TEncDM: Understanding the Properties of the Diffusion Model in the Space of Language Model Encodings
Alexander Shabalin, Viacheslav Meshchaninov, Egor Chimbulatov, Vladislav Lapikov, Roman Kim, Grigory Bartosh, Dmitry Molchanov, Sergey Markov, Dmitry Vetrov
TL;DR
This work addresses the limitations of autoregressive text generation by proposing Text Encoding Diffusion Model (TEncDM), which performs diffusion in the latent space of pre-trained language-model encodings and employs a context-aware Transformer decoder. Key contributions include demonstrating that encodings outperform embeddings for diffusion, introducing a Transformer-based decoder trained with corruption-aware objectives, and analyzing self-conditioning and a tan-d noise scheduler to optimize denoising dynamics.

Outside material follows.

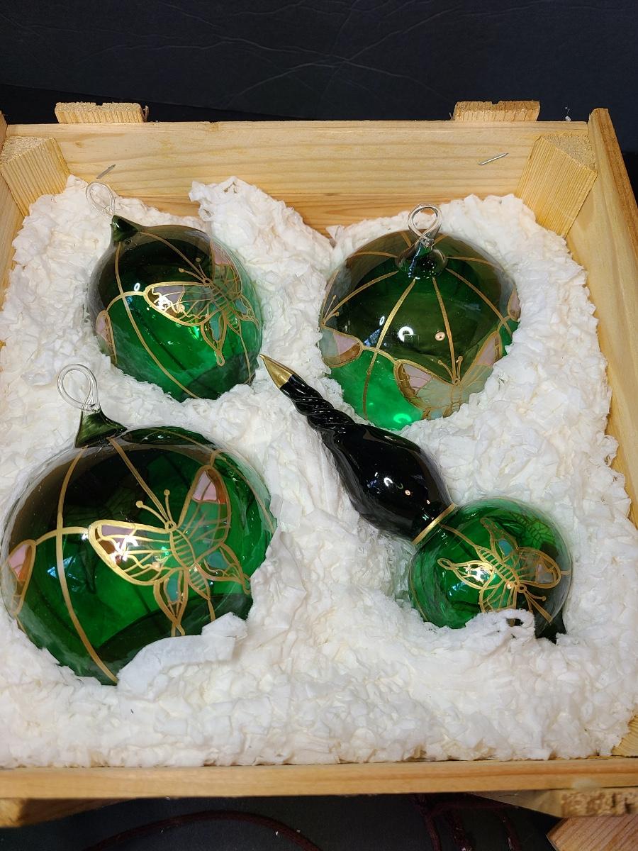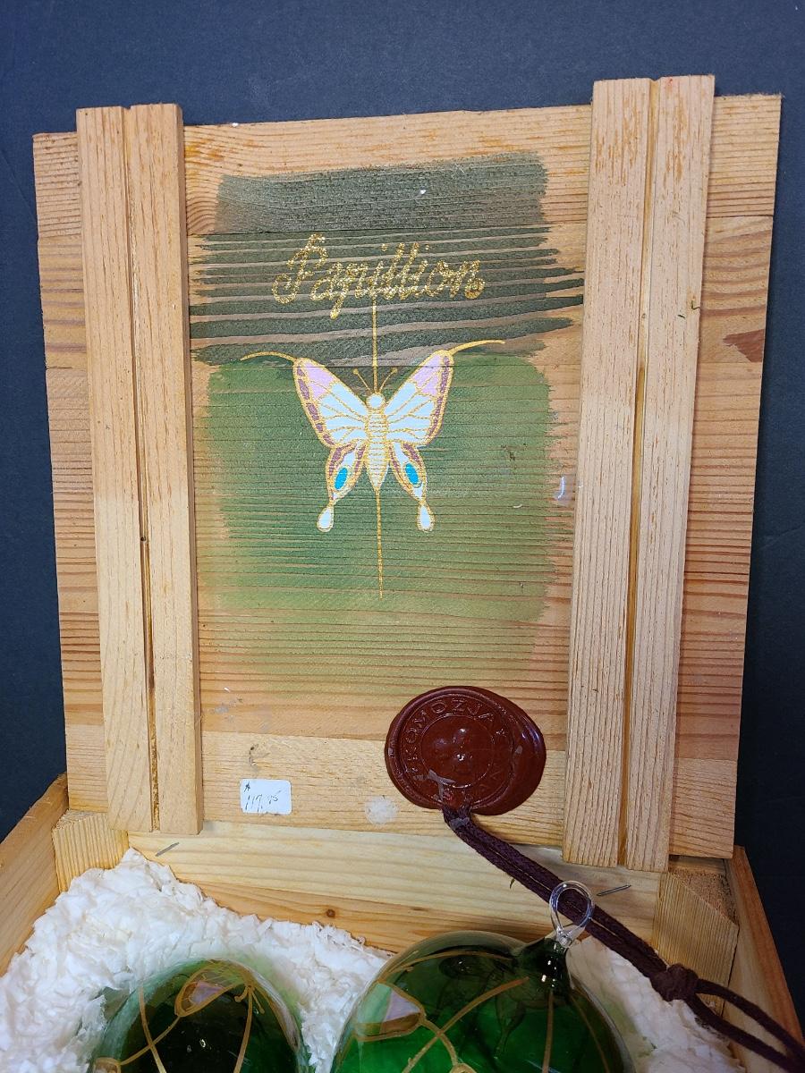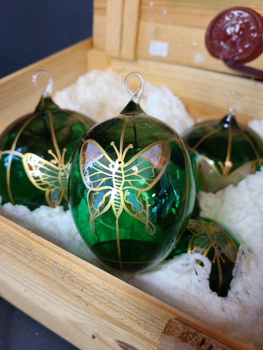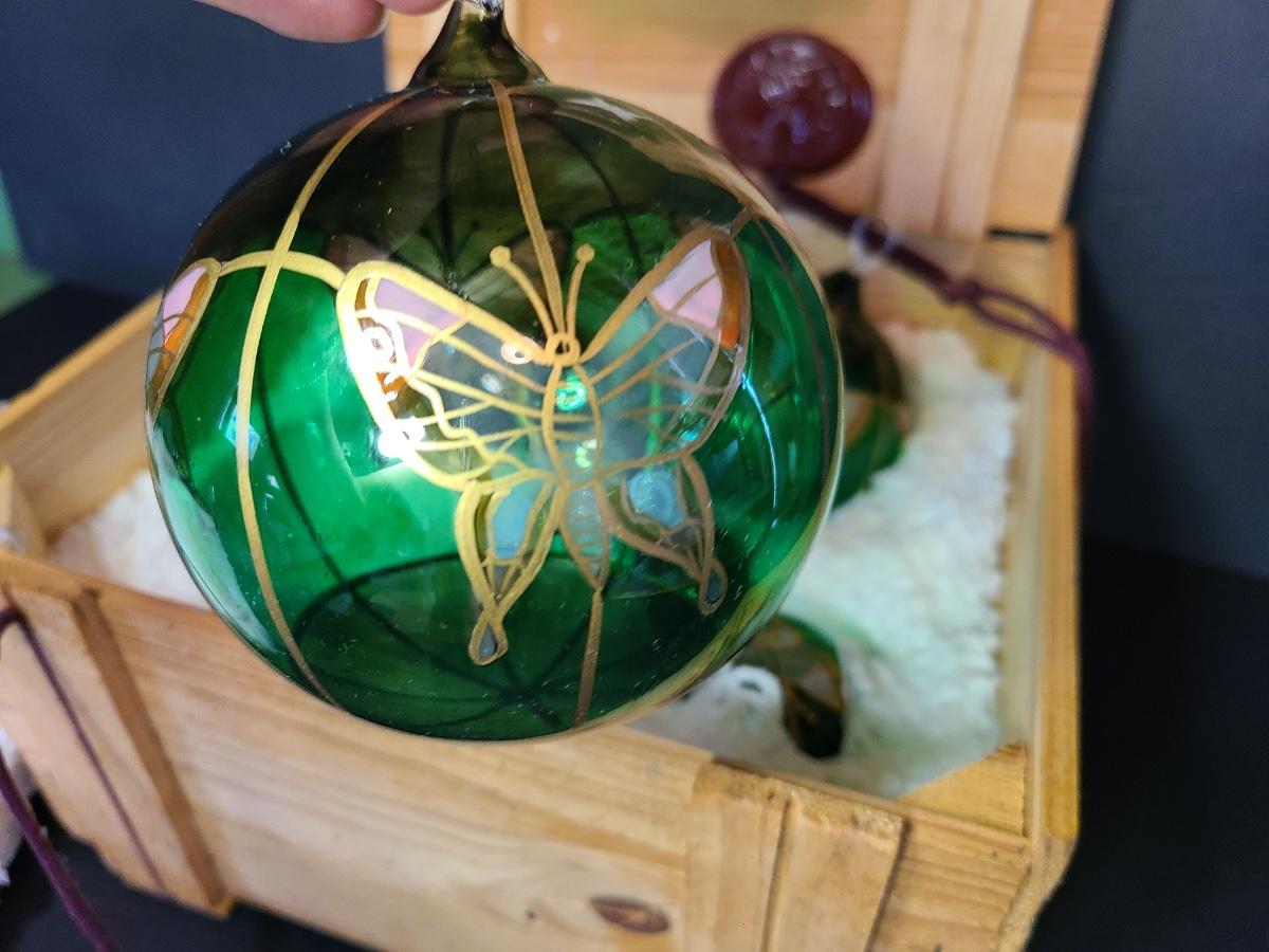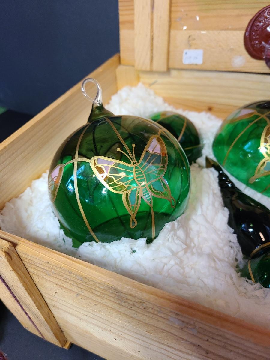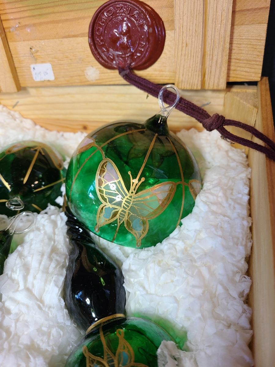 LOT 57: New Komozja Poland Art Glass Hand Painted Butterfly Ornaments in "Butterfly Box"

Through extensive ablations on ROCStories and Wikipedia, the authors show that TEncDM outperforms embedding-based diffusion models and is competitive with autoregressive baselines on several tasks, while enabling faster, non-autoregressive generation. The approach offers practical benefits for conditional text generation across paraphrasing, summarization, and simplification, highlighting the importance of encoding-space diffusion, robust decoding, and carefully designed noise schedules.
Abstract
This paper presents the Text Encoding Diffusion Model (TEncDM), a novel approach to diffusion modeling that operates in the space of pre-trained language model encodings. In contrast to traditionally used embeddings, encodings integrate contextual information. In our approach, we also employ a transformer-based decoder, specifically designed to incorporate context in the token prediction process. We conduct a comprehensive examination of the influence of the encoder, decoder, noise scheduler, and self-conditioning on zero-shot generation. Furthermore, we compare TEncDM with previous approaches on three conditional text generation tasks: QQP, XSum, and Wiki-Auto. The results show that TEncDM exhibits superior performance compared to existing non-autoregressive diffusion models. Our code is available at https://github.com/M0RJIQUE/tencdm.